Такая это благодать – родной дом! Все в нем мило: и до мелочей знакомое убранство кухни и горницы, и пляска света и теней по стенам и углам, и запахи…

Как всегда, по субботам вынянчивался банный день. С радостной живинкой принялся я носить воду, поглядывая за околицу на приозерные плесы, над которыми мельтешили россыпи утиных стай, намериваясь сбегать на охоту пока будет поспевать баня…
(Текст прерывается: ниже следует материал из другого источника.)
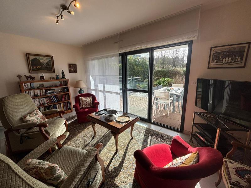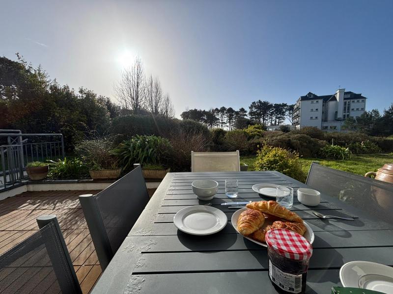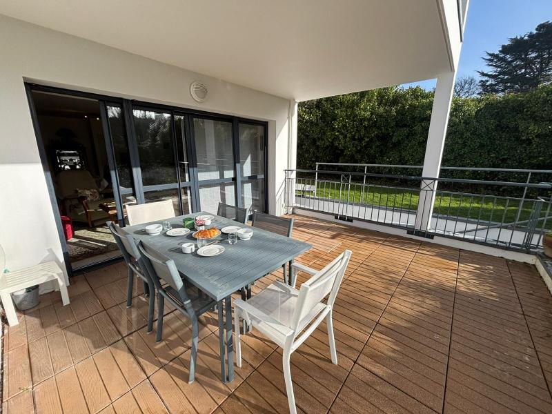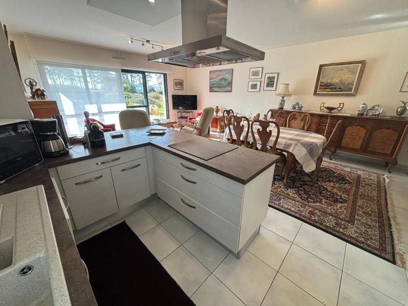 BEL APPARTEMENT spacieux et lumineux dans une résidence de standing, allée de Kermoor, à 80m de la plage du Trez, en rez de chaussée. Exposition Sud. Garage privé (pour petite voiture). Surface habitable: 85m2

В старых, изношенных до безобразности сапогах обегал я закутки береговых мелководий, стараясь не особо лезть в грязь – ночами уже выхолождалась земля и даже озерная няша стала жгуче-холодной. Это и мешало мне скрадывать сторожких осенних уток. Они срывались в трепетном испуге вне выстрела. И мною все больше и больше овладевала упрямая настойчивость. Я почему-то представлял ни деда с матерью, а семейку Кочергиных: испитую Веру, тонкошеего Толика, кудлатую и кривоногую Светку – сидящих за столом и смачно гложущих утиные косточки. А я, вроде откуда-то сверху, с вожделенной радостью созерцаю это действо… В конце концов неудачи так меня распалили, что, заметив стайку кряковых в загогулине одной заводи, я смахнул с ног бахилы и, морщась от холодного проникновения в лодыжки, полез тиной, хоронясь за камышовый заслон. Азарт согревал, удерживал от возврата, и выстрел принес мне двух крупных селезней. Назад я прыгал, как подстреленный козел. Даже бег не согрел ноги до ощутимой теплоты, и искорка успокоения тянула мысли к близкой бане.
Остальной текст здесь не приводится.